■ PROBLEM:
In the entries below, locate the line with "Fast growing, this", then give again that line and all lines after it, exactly, with pictures omitted.

■ SUPPLIED RECORDS:
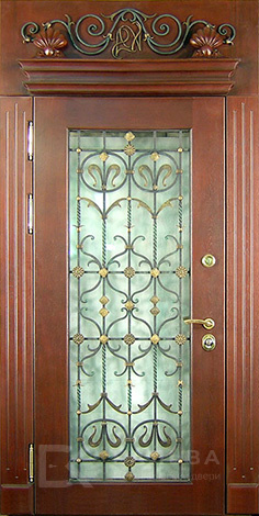 Фото «Стальная двустворчатая дверь под орех со стеклом и ковкой №105»
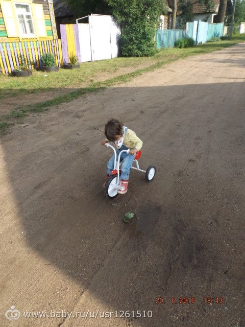 С прошлой недели начали ходить в садик на час, на прогулку. Очень нравиться, с детками пока не общается — присматривается, но и играет с ними немного. Я сижу все это время пока что рядом с ней. С горшком так и не дружим, но хоть уже начала сама снимать трусики когда пописала и кричать пук когда по большому. Из нового только речь — уже говорит во всю и в тему. К примеру: я мою посуду и задумалась, слышу малая что то говорит и я ей говорю что не слышу ее. Она подходит ко мне и спрашивает — теперь услышишь? киваю головой — я не могу мутики ключить, поги (помоги). помогаю и в ответ на это — спасибо. Вот так мы уже болтаем. Еще купили ей велик трехколесный (еле нашли наш размерчик т.к с нашими 86см до педалей не достаем в большинства моделей) — всего два дня и начала гонять и в зад и в перед.
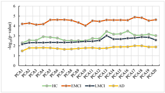 In this study, we used the principal components from population stratification analysis as the covariates for GWAS (linear regression). We separated the participants into four groups based on the diagnosis statues of the participants. To determine the optimal number of principal component analysis (PCA) in our study, we conducted GWAS repeatedly with different numbers of PCA ranging from 1 to 20. Then, we applied the GATEs (gene-based association test that uses extended Simes) method [18] to calculate p-values for genes. Due to the biological significance of APP, we selected APP as the candidate gene to determine the optimal number of PCA. Figure 2 shows the results of APP with different numbers of PCA.
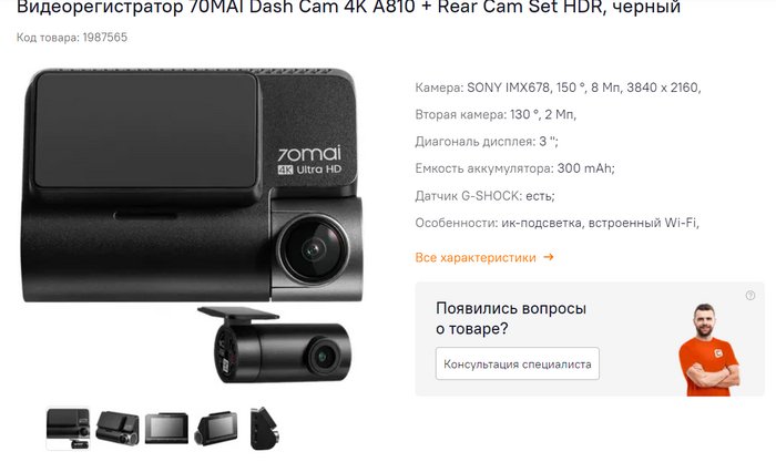 2 - 70mai a810+rear cam. Снимает спереди и сзади, но непрерывно, даже когда авто заглушен. Глубина архива чуть больше суток.
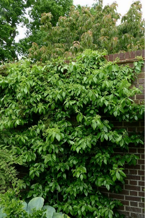 Fast growing, this beautiful vine climbs up to 5 feet a year to 30 or more feet in height attaching by rootlets to wood, brick and other surfaces. Great for climbing tree trunks!
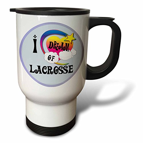3dRose Cute Girly Heart Star Clouds I Dream of Lacrosse Travel Mug, 14-Ounce
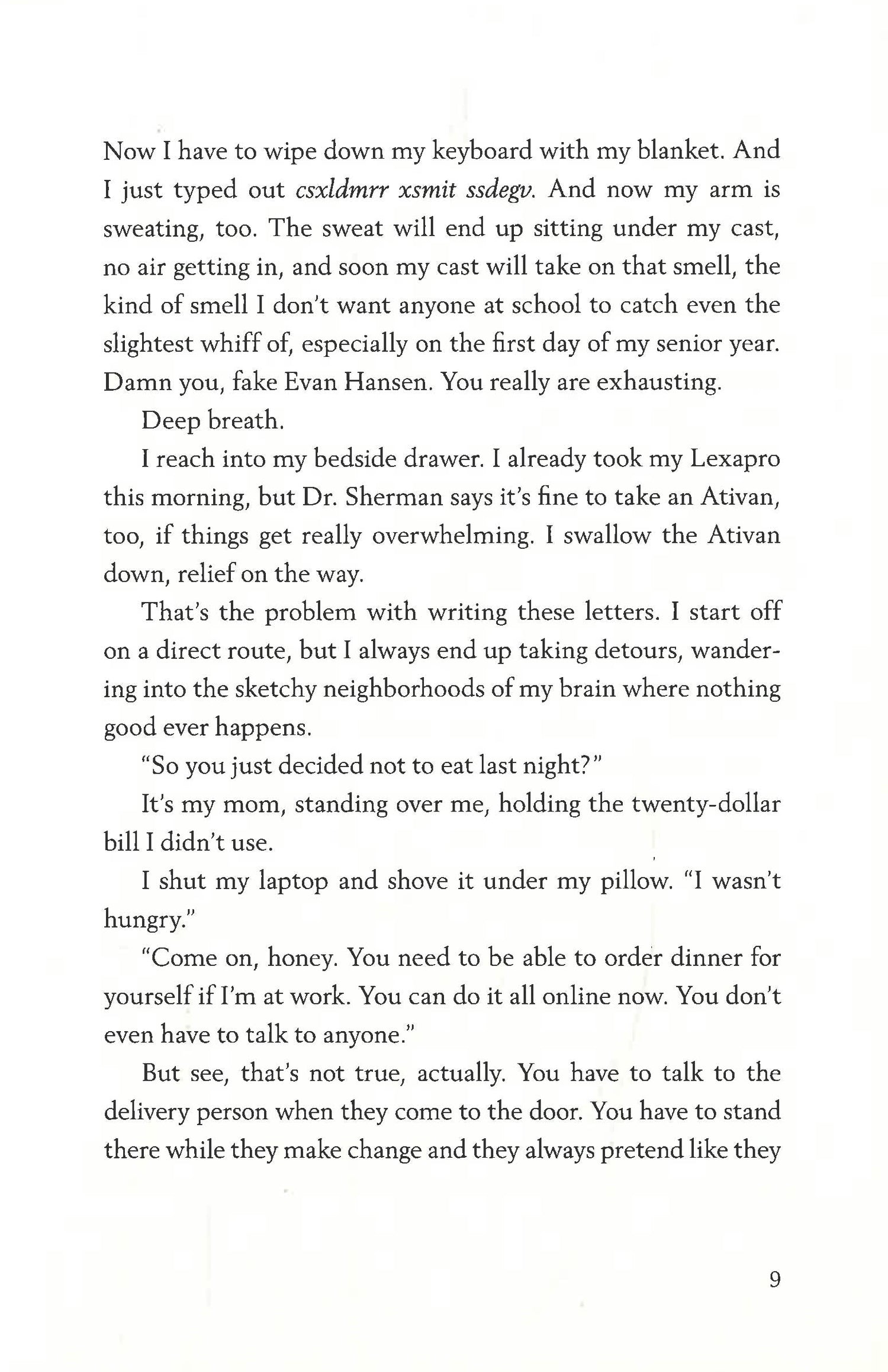 No longer tangled in his once-incapacitating anxiety, this new Evan has a purpose. And a website. He's confident. He's a viral phenomenon. Every day is amazing. Until everything is in danger of unraveling and he comes face to face with his greatest obstacle: himself.
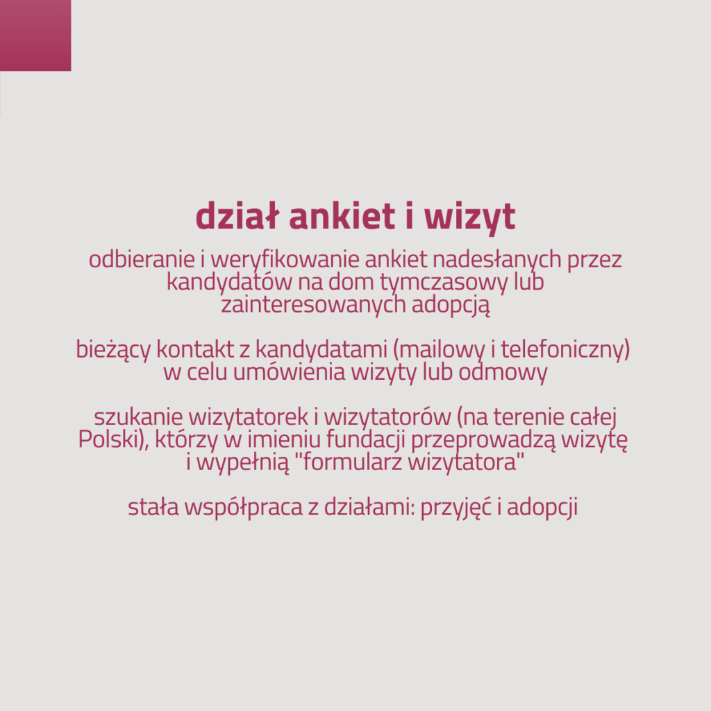 🐾 ANKIET I WIZYT, którego zadaniem jest przyjmowanie ankiet od kandydatów na dom tymczasowy i chcących adoptować psa oraz organizacja wizyt przed/poadopcyjnych.
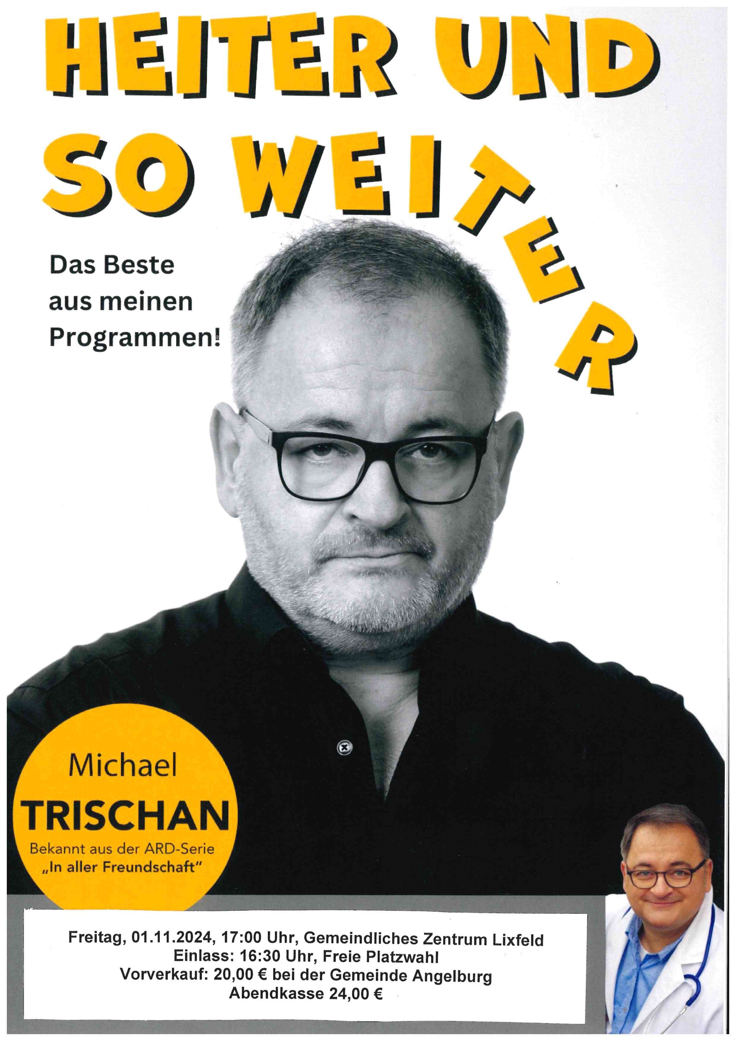 24.09.202401.11.2024 "Heiter und so weiter" - ein Abend mit Michael Trischan24.09.2024Jetzt Karten sichern!Mehr lesen
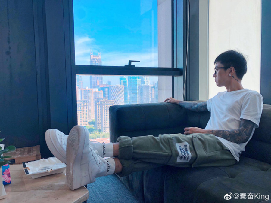 不过最近秦奋倒是经常上脚纯白 Air Force 1,看起来是打算体验一下普通人的生活?

■ WORKED SOLUTION:
 Fast growing, this beautiful vine climbs up to 5 feet a year to 30 or more feet in height attaching by rootlets to wood, brick and other surfaces. Great for climbing tree trunks!
3dRose Cute Girly Heart Star Clouds I Dream of Lacrosse Travel Mug, 14-Ounce
 No longer tangled in his once-incapacitating anxiety, this new Evan has a purpose. And a website. He's confident. He's a viral phenomenon. Every day is amazing. Until everything is in danger of unraveling and he comes face to face with his greatest obstacle: himself.
 🐾 ANKIET I WIZYT, którego zadaniem jest przyjmowanie ankiet od kandydatów na dom tymczasowy i chcących adoptować psa oraz organizacja wizyt przed/poadopcyjnych.
 24.09.202401.11.2024 "Heiter und so weiter" - ein Abend mit Michael Trischan24.09.2024Jetzt Karten sichern!Mehr lesen
 不过最近秦奋倒是经常上脚纯白 Air Force 1,看起来是打算体验一下普通人的生活?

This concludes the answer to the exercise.